**Work task**: Look through the listing below, find every line with the string "Monet", and copy it.

**Extracted entries**:
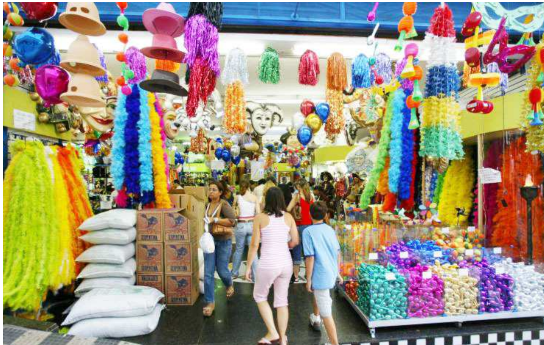
Folião precisa pesquisar para se livrar da enorme diferença de preços dos produtos carnavalescos

No carnaval, muita gente sai à procura de um amor, não é mesmo? Só não pode esquecer de cuidar da sua saúde e de quem você ama, optando sempre pelo sexo seguro. Pensando na 'folia de momo' que está chegando, a equipe do Instituto de Promoção e Defesa ao Cidadão e Consumidor do Maranhão (Procon) realizou pesquisa de preços de itens de carnaval em São Luís.
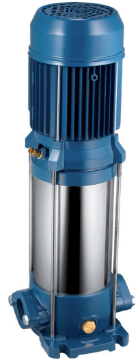
ULTRA 3-5-7 L
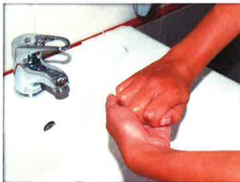
Frótate los dedos de una mano con la palma de la opuesta
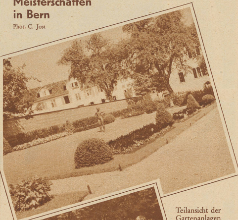
Teilansicht der Gartenanlagen
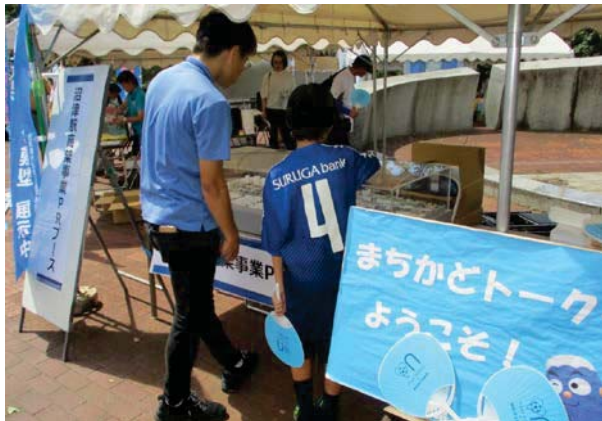
PRブースで模型を展示！
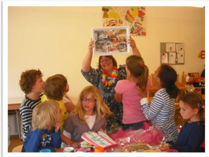
(de verjaardag van een pedagogisch medewerker)

Daar waar kinderen alleen mogen buiten spelen ondertekenen zij samen met de ouders en de leidster zelfstandigheid verklaring. Deze zijn onderdeel van ons veiligheidsbeleid.
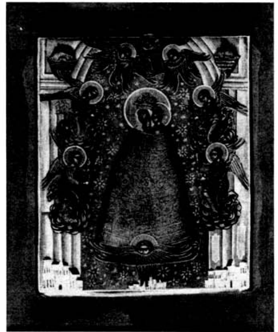
Икона “Прибавление ума”, XIX в., собрание ЦАК МДА

Подобная иконография не имеет аналогов среди традиционных иконописных подлинников и, следовательно, не может быть списком с какой-либо древней русской или греческой иконы. Что же касается ее прославления, то здесь мы тоже, к
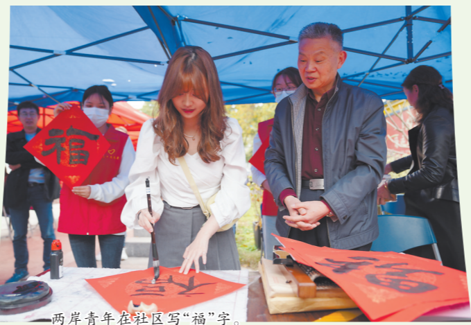
两岸青年在社区写“福”字。
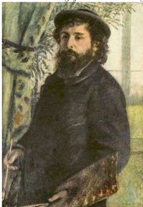
Claude Monet door Pierre-Auguste Renoir, 1875 (olieverf op doek, 84 * 60.5 cm, Musée d'Orsay, Parijs)

Monet wordt gezien als de grondlegger van een van de belangrijkste kunststromingen van de 19 de eeuw, het Impressionisme.
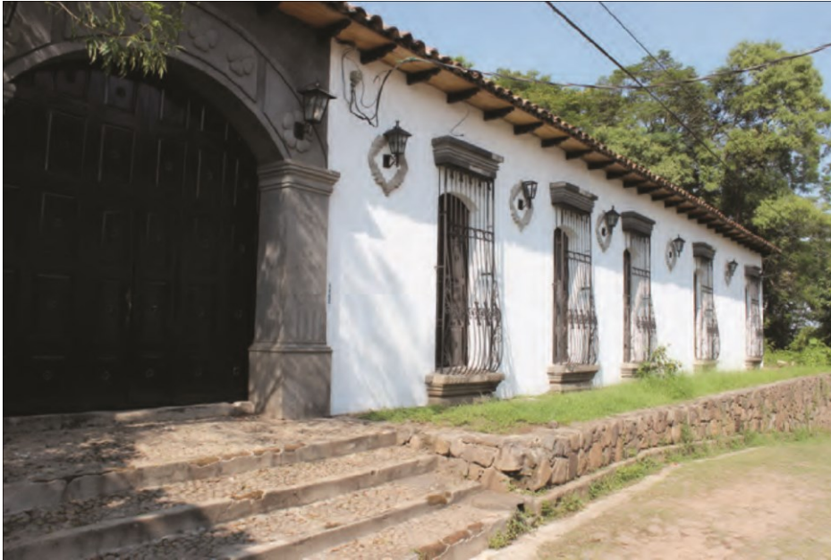
Figura. 6. Muestra la fachada principal de la Nave, que data a finales del siglo XIX
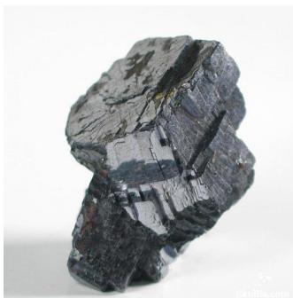
looduslik grafiidikristall . Pildi allikas.
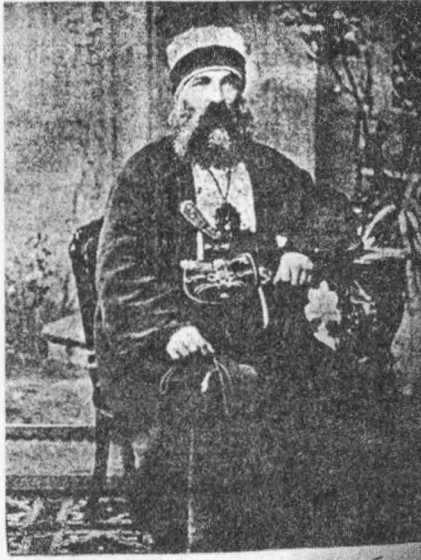
مردیوز کورینده کی شاه قولى سلطان درگاه شريفك پوست نشین عاشرى احمد برهان الله بابا ائندسك تصويريدر .

birçok eş'ar-ı ber güzîde meydana getirmiştir ki, bu gün taklîdi, tan-zîri gayri kâbil bir mertebededir. Nesîmi, bu suretle [39] diyar diyar gezerek Haleb'e gelir. Birâderi Şah-ı Handan'a gönderdiği mektupta kullandığı lisanı ve bil-hassa divânında bulunan eş'ar-ı vahdet-gûyesi, ulemâ-yı zâhirece mûcib-i töhmet addolunarak katline fetva verilir. Ve siyasetgâha götürülürken müftü der ki: 'Bu adamın kanı murdardır...her kimin bir uzvuna dokunursa o uzvu kesmek lâzımdır.' siyasetgah'ta müftü bu sözü yine takrîr ederken uzattığı eline derisi yüzülen Nesîmî'nin kanı sıçrar. Müftünün eli, hûn-i şehîd ile mihnâ olur. Bu sırada erbâb-ı dilden biri müftüye der ki:
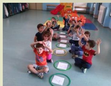
Contiamo con i cerchi ....
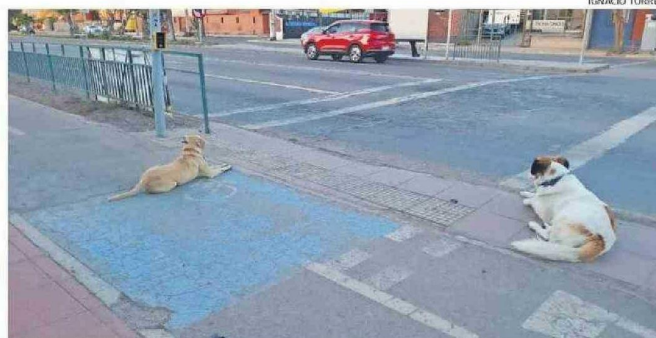
LA MUJER AFECTADA SEÑALÓ ESTAR PREOCUPADA POR LA CANTIDAD DE PERROS EN EL SECTOR.

EN COPIAPÓ. La mujer fue atacada cuando salía de la Universidad de Atacama y terminó en la Urgencia. Desde la Seremi de Salud llamaron a la población a acudir a un centro de salud en estos casos.
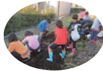
学童保育との定期的な活動

JA鹿本は各事業を通じ、 創造的自己改革の実現に向けて取り組みます！ 次月号に続く▶▶▶
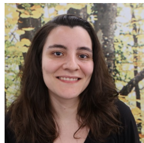
Sofia Tècnica de personal
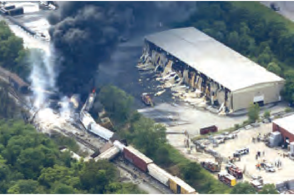
ဘော်လံတီမိုးမြို့အနီးတွင် လမ်းချော်သည့် ကုန်ရထားတစ်စင်း မီးလောင်လျက်ရှိစဉ်။
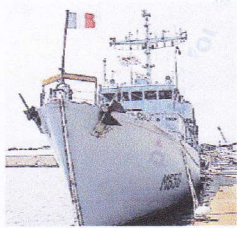
Le navire de la Marine sera visible mardi 14 et mercredi 15 juillet.

Le 14 juillet, Concarneois et touristes pourront visiter le Sagittaire, un bateau chasseur de mines de la Marine Nationale. En raison du Plan Vigipirate en vigueur, des règles strictes
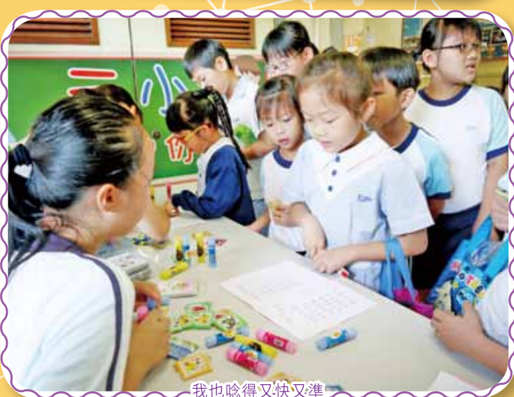
我也唸得又快又準
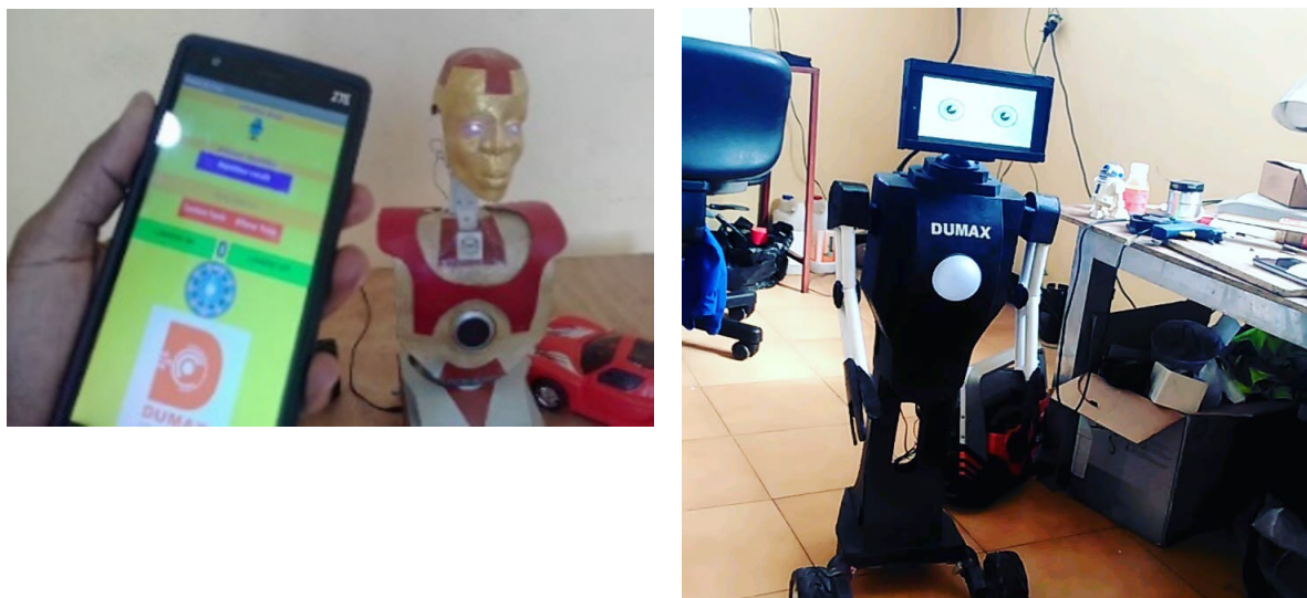
Figure 3 : le robot Dumax

Tout comme Walanmou, Dumax, le créateur du robot humanoïde est un autodidacte. Dans son atelier il utilise son téléphone pour apprendre la programmation et la conception informatique pour apprendre et réaliser son œuvre. Il a développé une application Android qu'il a installée sur son téléphone pour interagir avec lui.

**Your response**:
Claude Monet door Pierre-Auguste Renoir, 1875 (olieverf op doek, 84 * 60.5 cm, Musée d'Orsay, Parijs)
Monet wordt gezien als de grondlegger van een van de belangrijkste kunststromingen van de 19 de eeuw, het Impressionisme.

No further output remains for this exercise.